Regime pierre cohen orsay

Based on existing expertise on heteroepitaxial bonding of Ga As on In P [14], we have developed heteroepitaxial bonding of III-V materials on Si and SOI substrates for telecom wavelengths.Such an oxide-free interface associated with the nanostructured design of the guiding geometry has great potential for both electrical and optical operation of improved hybrid devices.The future of all optical networks links relies upon hybrid silicon photonics.Next, for photonic purposes, we implement a uniquely designed sub-wavelength silicon waveguide patterning that provides in a single technological step advanced optical functions while keeping the Si guiding surface planar enough for maintaining the oxide-free bonding compatibility.Nevertheless, in this work, a thin oxide layer is generated during bonding processes.This oxide-free bonding technique has demonstrated atomic-plane-thick reconstruction across the interface, leading to a high bonding energy and no degradation of the photoluminescence of bonded quantum wells located close to the hybrid interface [15,16].The intermediate bonding layer is usually a dielectric material (Si O layer [8,9].Bonding without an intentional additional layer has been obtained in Arakawa’s group [10,11], allowing electrical operation under carrier injection through the interface.As a negative consequence, any intense carrier flow produces a large Joule overheating, hampering high output power of, e.g., hybrid lasers through a large thermal roll-off [5,8]. Electrical operation across the hybrid interface potentially provides immense gains in terms of thermal-budget improvement, chip power consumption, and integration of driving electronics, welcome to boost data transfer rates.

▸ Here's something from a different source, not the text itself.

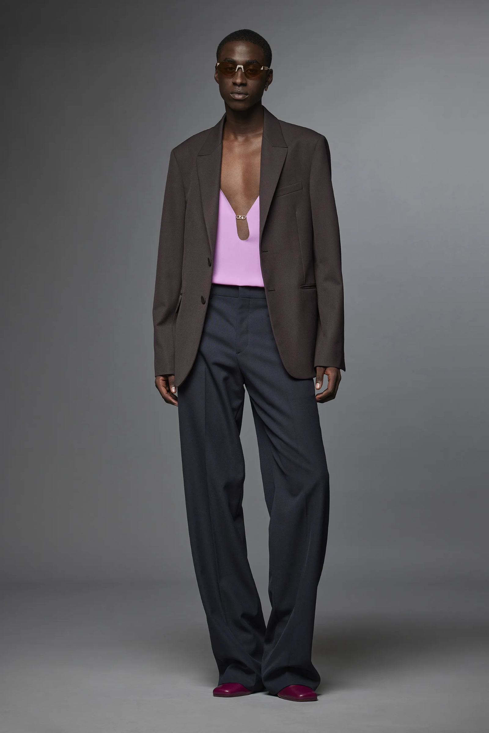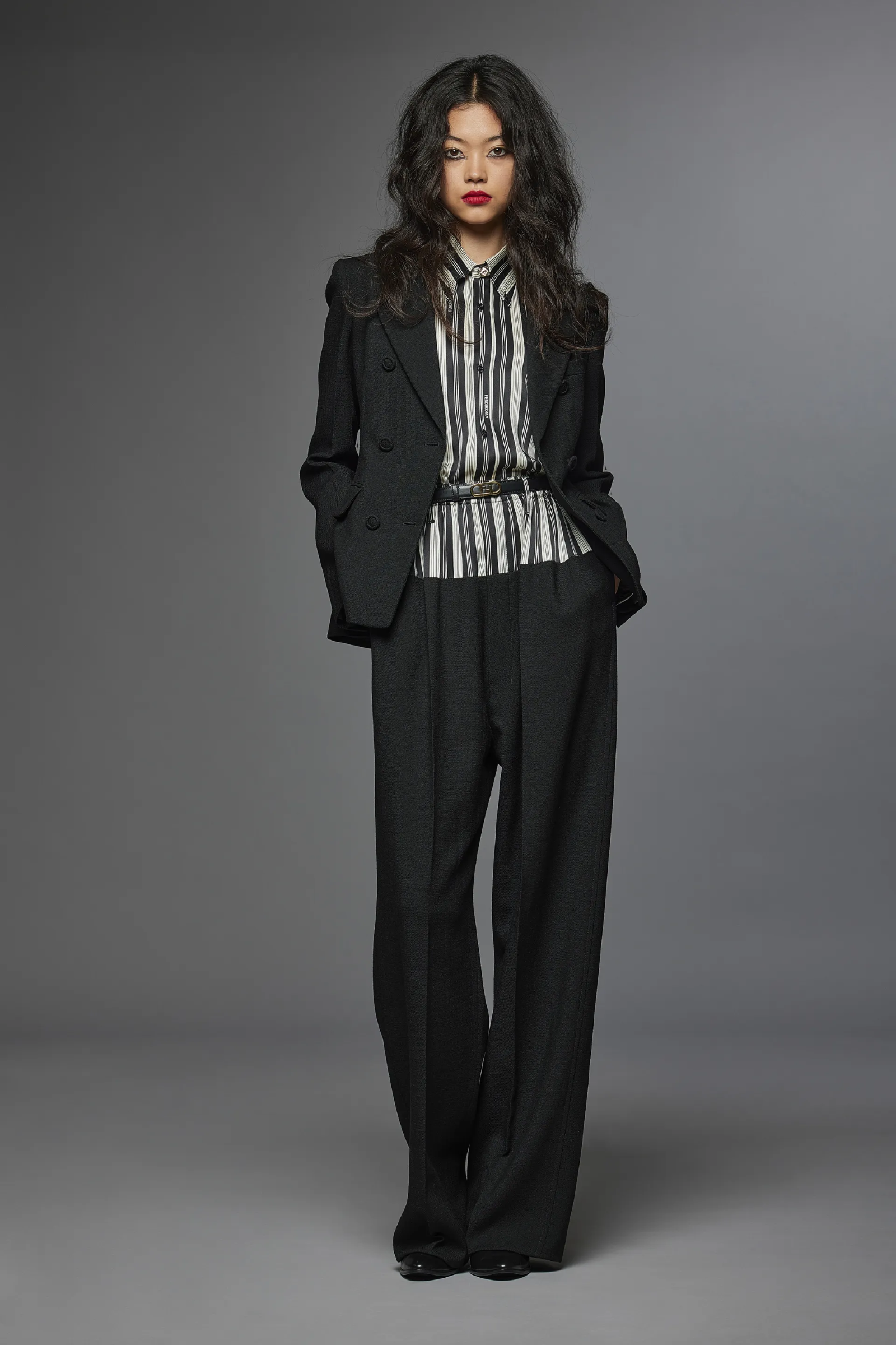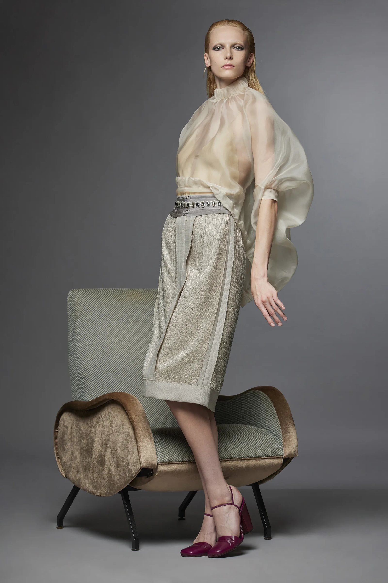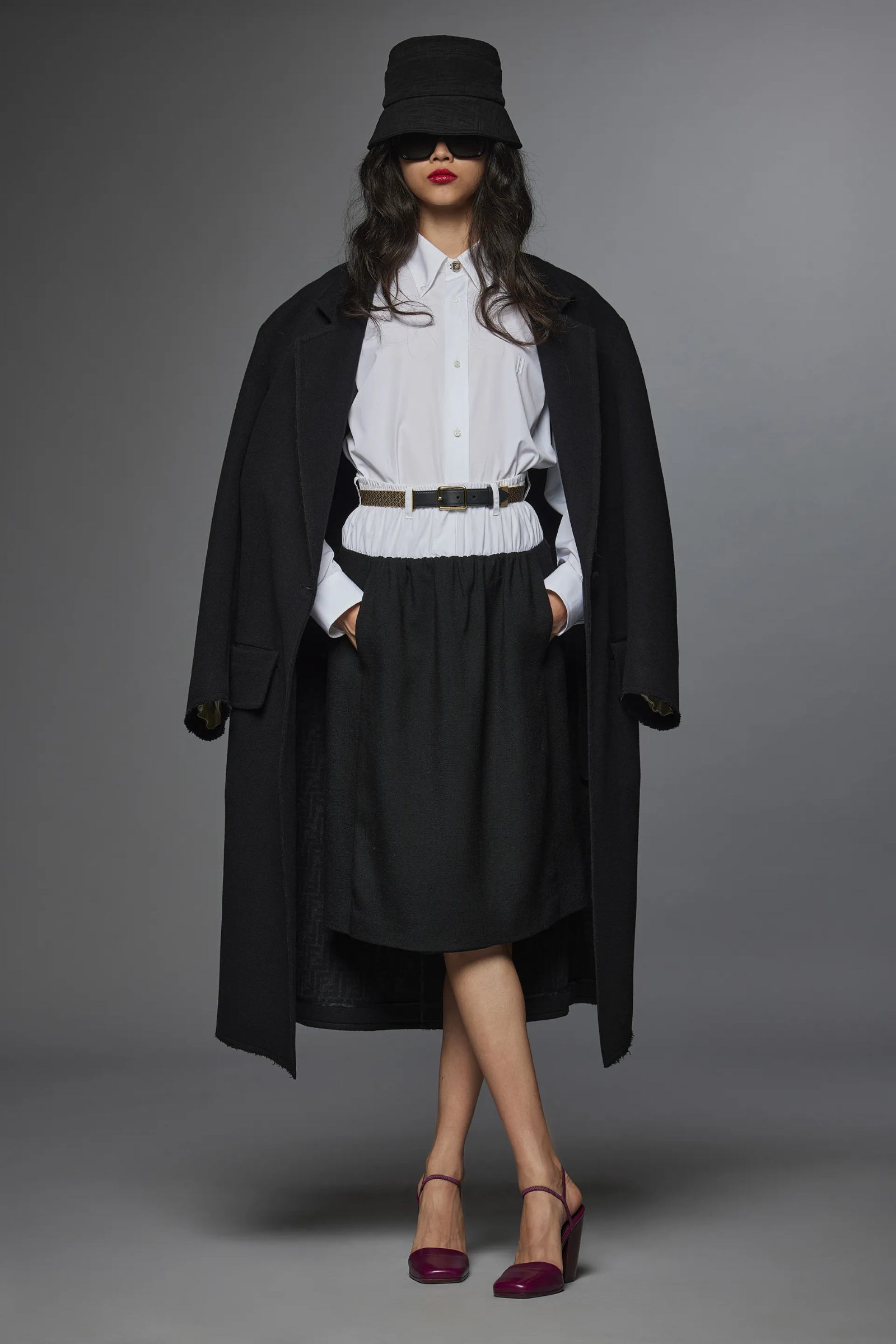 Per la sua Resort 2024 di Fendi, Pilati ha fatto riferimento alle epoche progressiste degli anni '20 e '60, due momenti storici definiti dalle lotte di genere per l’emancipazione femminile. Dagli anni ’20 proviene l’ispirazione alle flapper, le donne in bob cut che guidavano e ascoltavano jazz rivendicando la propria indipendenza e simboleggiate dalla diva del cinema muto Louise Brooks. Erano donne viste come una minaccia per la mascolinità ma che oggi rappresentano un simbolo di liberazione. Riferendosi al loro costume tradizionale Pilati ha riempito la collezione di vite basse, di bucket hat che fanno cenno alla silhouette anni ’20, tacchi décolleté con un cinturino che ricorda le Mary Jane, forme libere che avvolgono il corpo, abiti il cui busto e la cui vita ricorda il classico robe de style ma privo della gonna voluminosa. In particolare, è notevole il taglio delle giacche vagamente spioventi e dai revers rettangolari. Inoltre, Pilati ha rifatto il logo "F" di Fendi, incorporandolo in stampe e jacquard. Il riferimento alla pellicceria, l'origine di Fendi, è evidente in un maglione di shearling e in un elegante cappotto a forma di uovo in tweed "animalier". Anche gli accessori sono stati disegnati da lui.

This bonding approach has indeed produced sophisticated integrated devices [3,4], based on classical photonic integrated circuit schemes, taking advantage of the Si guiding layer to route optical signals as well.However, silicon is not able to produce two essential optical functions: photon emission and optical isolation.Hybrid bonding of III-V on Si has been intensively developed for integrated photonics on silicon, but mainly with the help of an intermediate layer that provides bonding at annealing temperatures in the 250–300 °C range compatible with CMOS processing.A hybrid In P-on-SOI waveguide, including a bi-periodic nano structuration of the silicon guiding layer is demonstrated to provide wavelength selective transmission.The hybrid interface is characterized electrically and mechanically.